All instructions that change data with regards to allready existing data
are prone to this effect.  Those instructions have to read, modify and than
write the data back to the origin.  And Yes, BCF does a _Byte_ read, OR the
byte with the appropriate bit-mask (2^Bit-Number) and writes the Byte back.
 So does allmost every instruction (exept instructions like CLRxxx, BTFSx,
MOVF, etc.)

But, now the good part, you only have to think about it when using _I/O_.

> Should I  rewrite all my routines to eliminate BSF/BCF instructions?

No. Those you could replace with something like :
  MOVLW 0x01 << BitNumber
  IORWF PORTx
and thus emulating a BSF instruction, but alas, the IORWF has got the same
problem. The only way to get rid of this effect is to use the
'shadow-register' method.  Take a register, modify that and than copy it to
your I/O-Port.
Example :
  BSF SHADOWB,5
  MOVF SHADOWB,W
  MOVWF PORTB

> What is the most efficient way to alter a single output line? For example
> if I want to set portb,5 high what instructions can do this efficiently
without
> altering the other pin states? Maybe the AND command? Could someone
> provide an example?

Normally, when you define your in & outputs and do not change them anymore
(the directions I mean :-) you won't have a problem.  Only when you change
a Input-pin to Output this will happen.
Example:
  BSF STATUS,RP0
  MOVLW B'00001111'  ; Low 4 are Input, High 4 are Output
  MOVWF TRISB          ;/
  BCF STATUS,RP0
  CLRF PORTB             ; Output the code B'0000xxxx'

; No input is suplied at the low 4 pins. They are all 1 (High)

  BCF PORTB,6            ;Change Output to B'0100xxxx'

This will work fine, until you change one of the Input-pins to Output. Why
?  Ok Follow me...  BCF is a Read-Modify-Write instruction, right ?  Ok.
Read PORTB. Result is ........ Yes, Its 00001111. (try it out !)  Now Set
bit 6 : 01001111. And write it back.  The Output-buffer for the Low 4 pins
has changed from 0000 to 1111 because if the state the inputs were in.  If
you now change pin 0 to Output it will be High, and not Low.
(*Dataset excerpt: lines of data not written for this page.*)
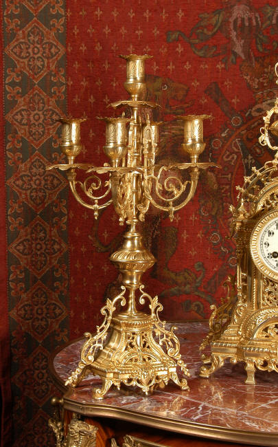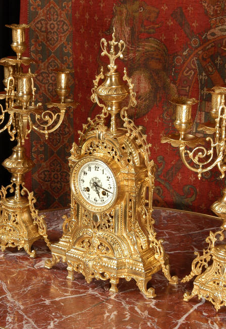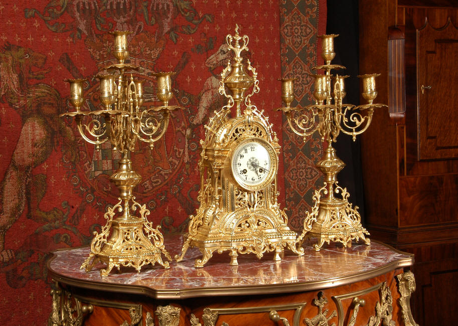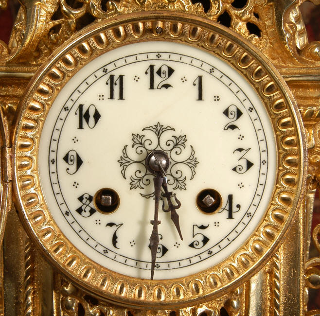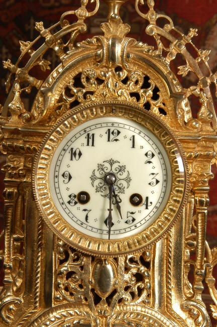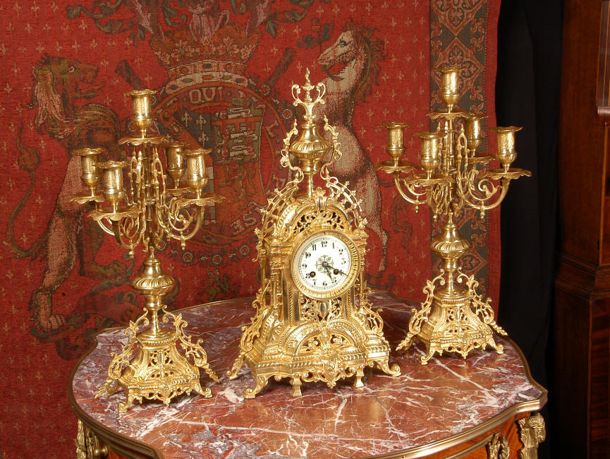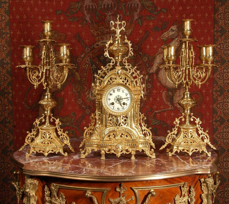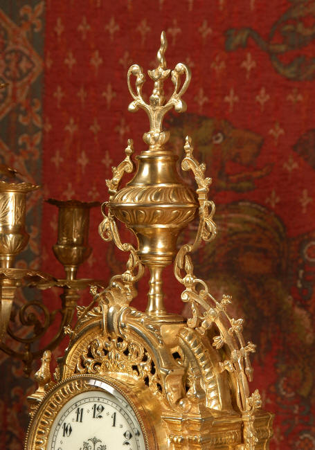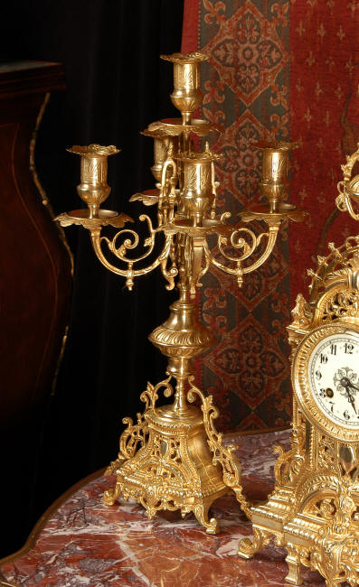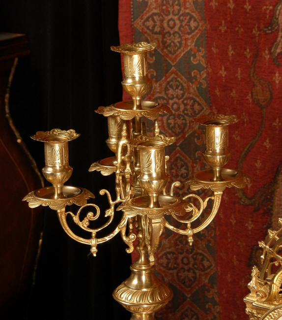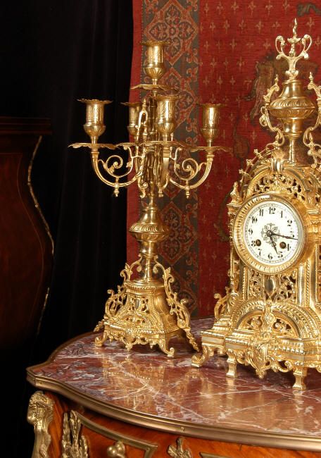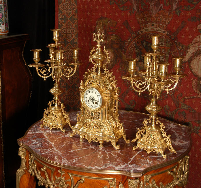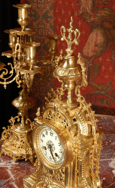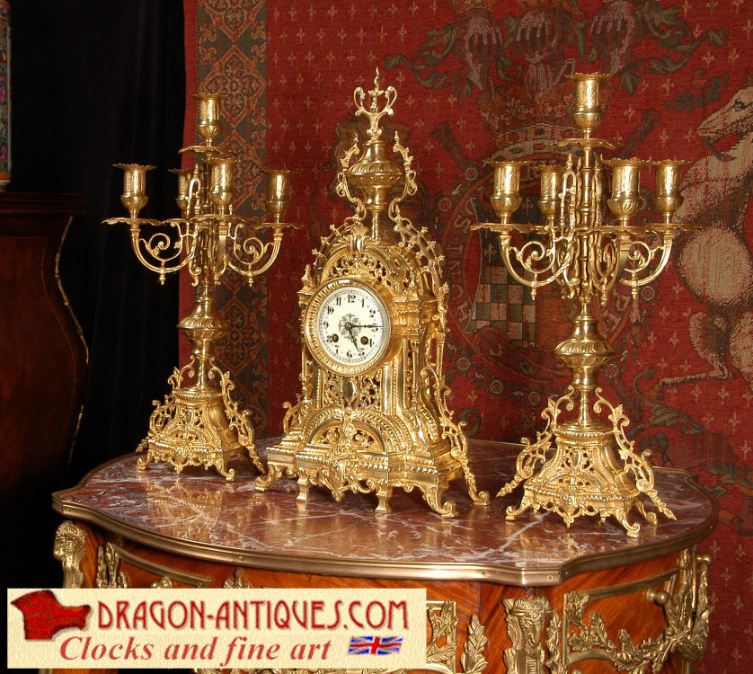 ~ French - Circa 1890 ~ ~~ Excellent condition, fully working condition ~~ A very decorative and nicely sized antique French clock set. It is very well modelled in brass, in the Louis XVI style, classically architectural and decorated with flowing foliage and flowers. The front of the clock is fretted which allows a glimpse of the pendulum swinging inside the case. Candelabra have matching bases and urns and have four branch candelabra modelled as entwined foliage. The dial is enamel on copper with delicate decoration to the centre. It is complete with the original blued steel hands. The A D Mougin French movement is of the highest quality and is in excellent clean and running condition having been fully dismantled, cleaned, inspected and tested by our clockmaker. Pendulum and bell are replacements. It runs for 8 days and strikes the hours and halves on a bell. Click the video clip below to hear the bell and watch the clock running! Condition of the case is
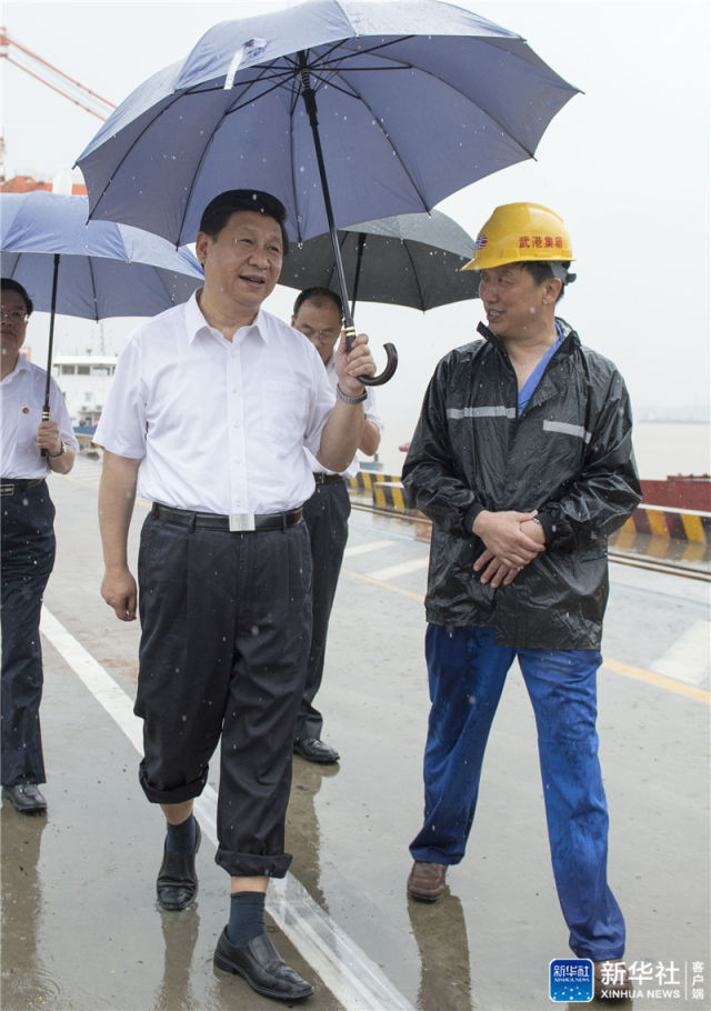 2013年7月21日上午,習(xí)近平冒雨來(lái)到武漢新港陽(yáng)邏集裝箱港區(qū)考察。新華社記者 李學(xué)仁 攝
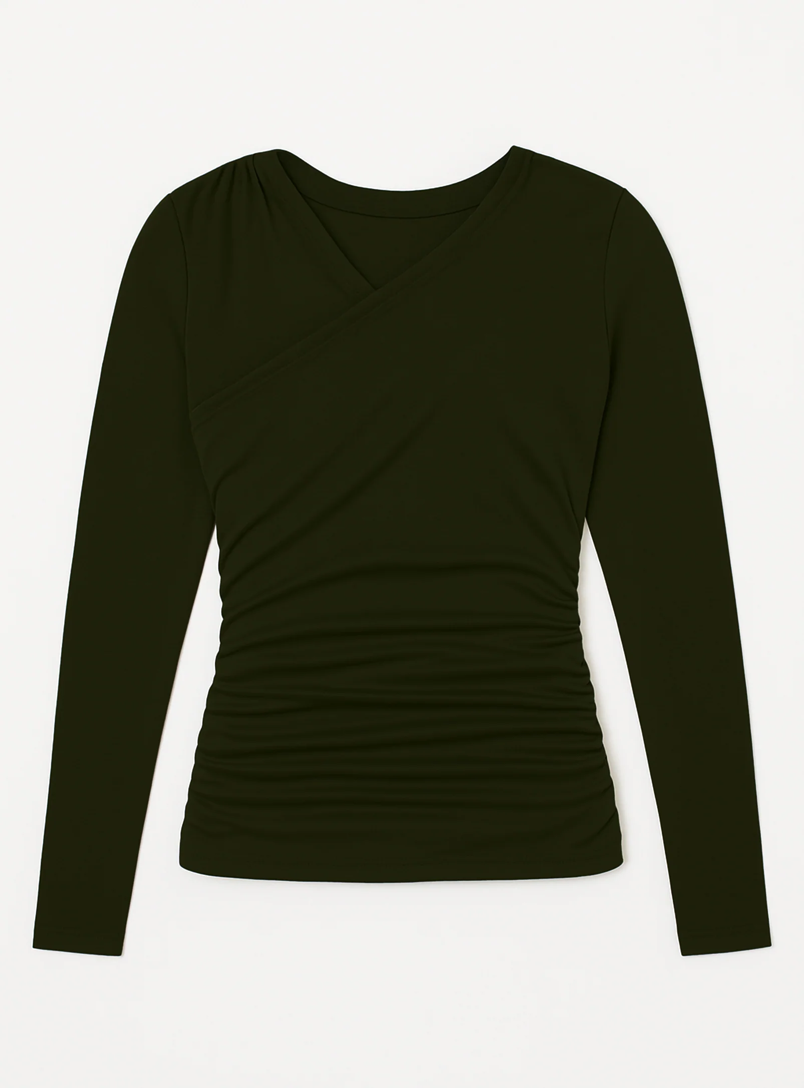Refresh your wardrobe with this must-have front-ruched V-neck top, where comfort meets chic, figure-flattering design.
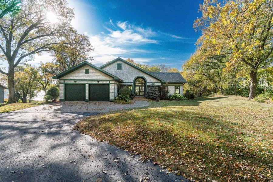 Silver Lake! Situated on 1.3 acres with 154 feet of frontage complete with a large lovely sandy shore, this gorgeous property is a rare find. This home was custom built in 2001 with absolutely no expense spared. The thoughtful design of this home focuses on the expansive and private lake views. Take note of the beautifully arched glass entry way, the grand vaulted ceilings, lovely hickory floors, large open concept kitchen, main floor primary suite, main floor mudroom/laundry, and oversized 3 season porch that flows onto the large deck system. The walk-out lower level features another 3 bedrooms, huge wood shop, large entertainment area with wet bar and comfortable in-floor heat. Brand new geothermal heating with gas back up installed in April 2023. You will also love the additional oversized detached garage—perfect for storing your boat and lake accessories. Ideal location within easy b...
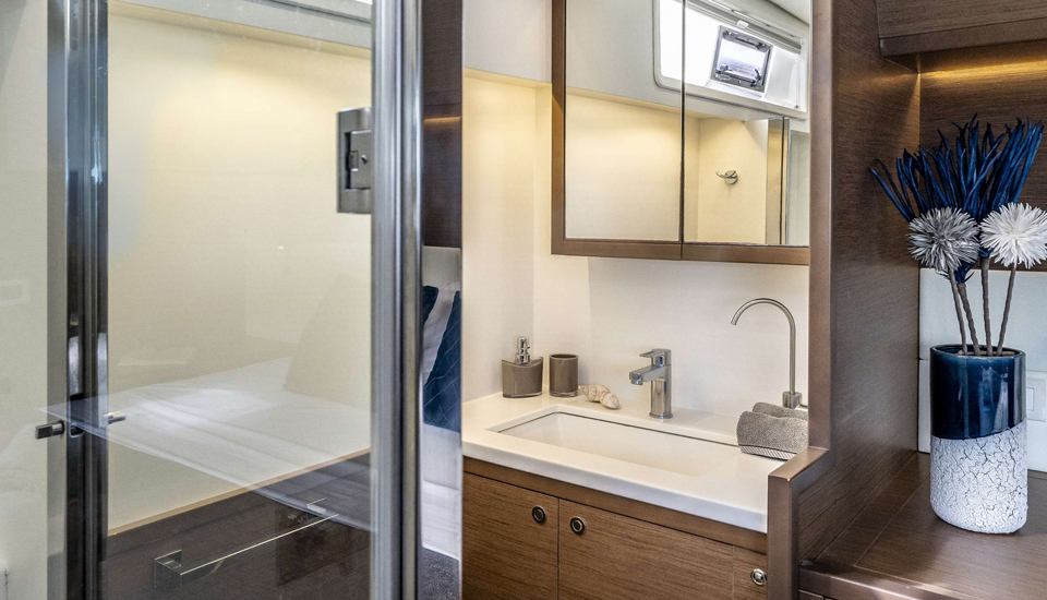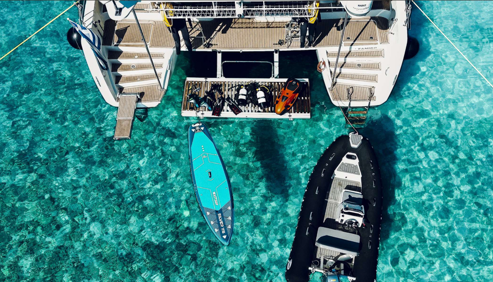Enjoy its spacious interior and stylish outdoor spaces for entertainment and relaxation. Tamiro is like your dream floating villa. Features include a professional crew of 2, high-standard equipment, a tender lift system, eco-friendly solar, and lithium power, SCUBA equipment available, a “smart Japanese toilet” in the primary cabin, plus high-speed internet and TV for your enjoyment.
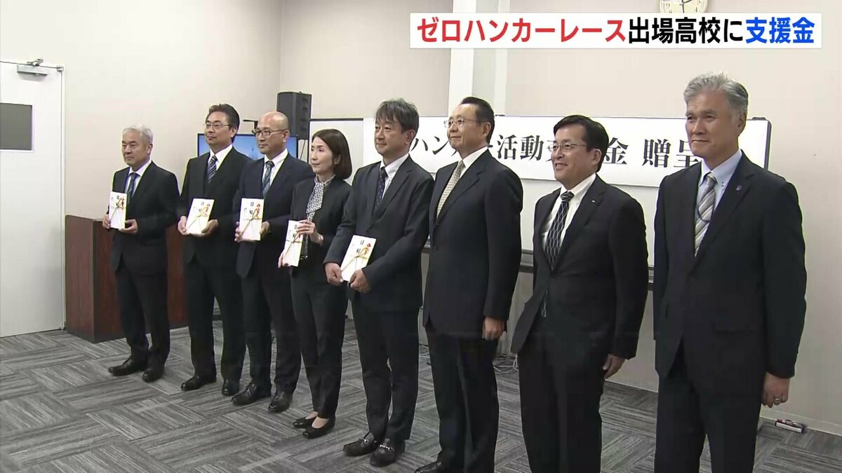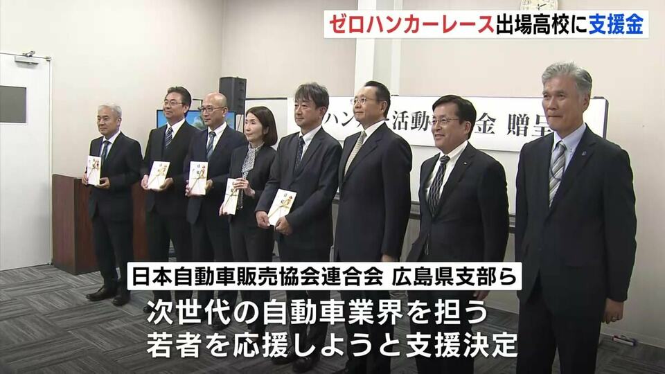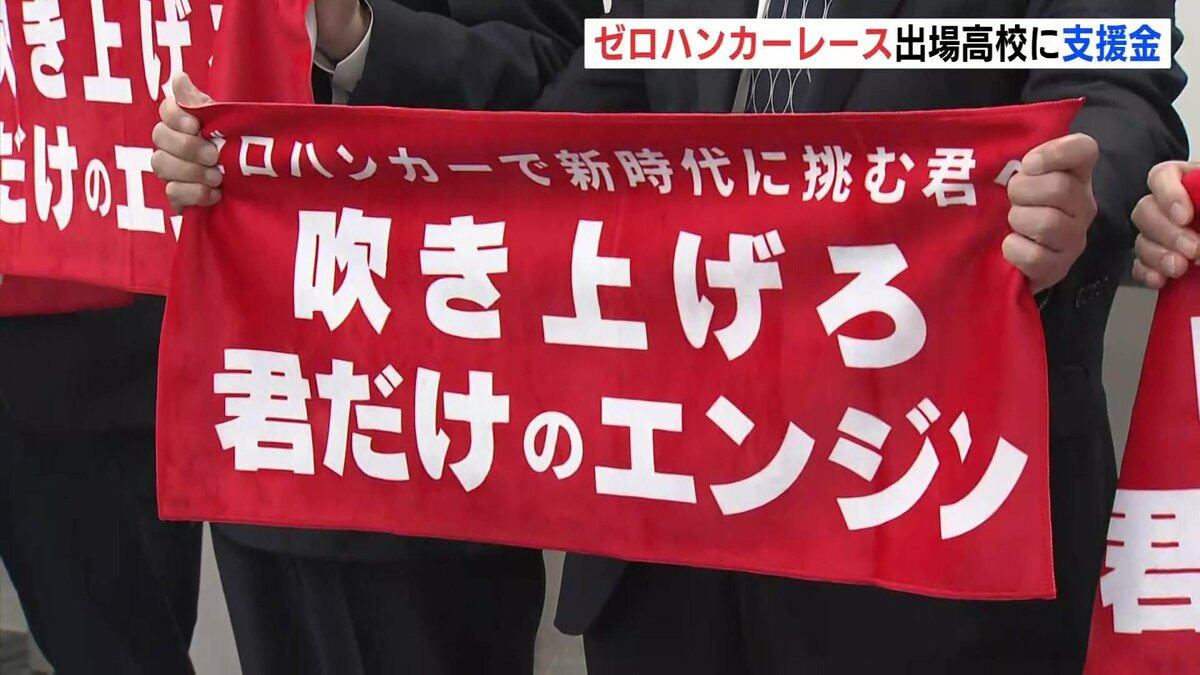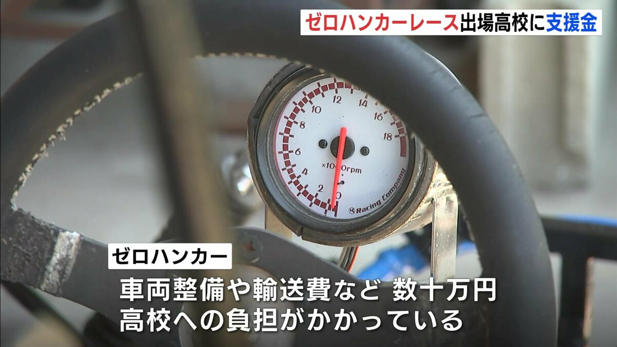 「ゼロハンカー」とは排気量50CC未満のエンジンを搭載したレース用の自作マシンで、12月、岡山県で全国大会が開催されます。ただ、車両の整備や輸送費などに数十万円の費用がかかり、高校への負担がかかっています。そこで3団体は次世代の自動車業界を担う若者を応援しようと支援を決めました。
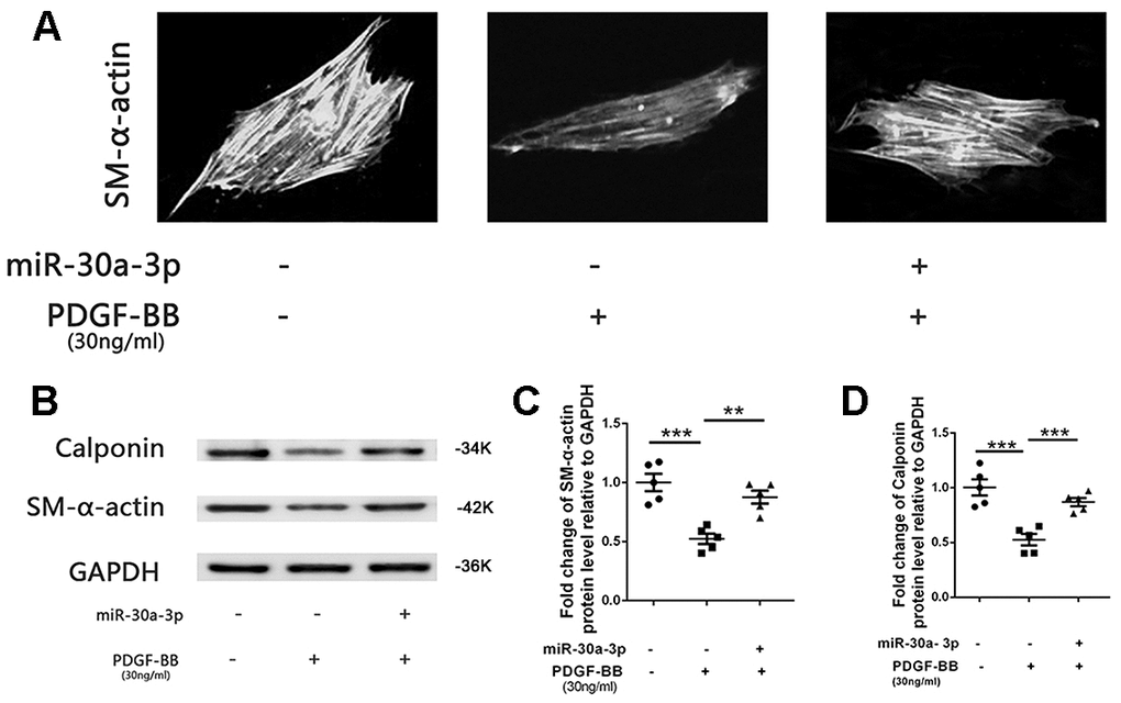The VSMCs phenotype can change from contractile to synthetic after stimulation by PDGF-BB. In this study, we examined whether this phenotypic switch of VSMCs is mediated by microRNA-30a-3p. The experiment confirmed that microRNA-30a-3p upregulation suppressed the VSMC phenotypic switch induced by PDGF-BB (Figure 3A). In general, the phenotype protein expression of SM-α-actin and calponin was decreased during PDGF-BB-stimulated VSMC switching. Further studies indicated that excess microRNA-30a-3p suppressed the VSMC phenotypic switch process, and the content of related phenotypic proteins was partially restored (Figure 3B–3D).
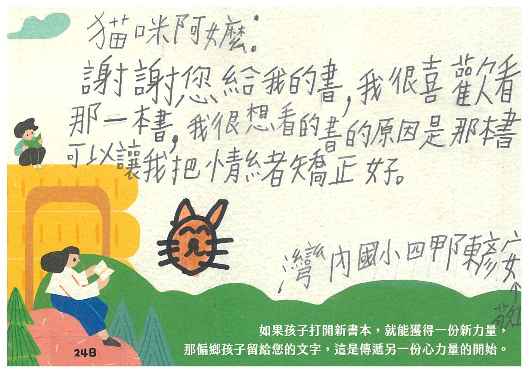 Noir:已收到您精心準備的愛閱書籍,感謝您認養孩子的心願書籍,提升小朋友閱讀的能力。孩子們一定會很開心能擁有屬於自己的書籍^^開心再次看到您~謝謝您用心的寫下祝福卡片給孩子。

> By the way I am not sure what the term "bit banging" means. I think it
> means bit manipulation using instructions such as RRF,RLF, AND, OR
> etc. and not MOV or SWAP etc. Am I correct?

My definition of the term is that only BCF and BSF instructions are used
for "bit banging" (changing I/O pin levels), because AND & OR are
Byte-instructions (although they can change a single bit, but so can a INC
or MOV instruction).  But, as said, thats _my_ definition.

> Thanks

Your welcome.

Greetz,
  Rudy Wieser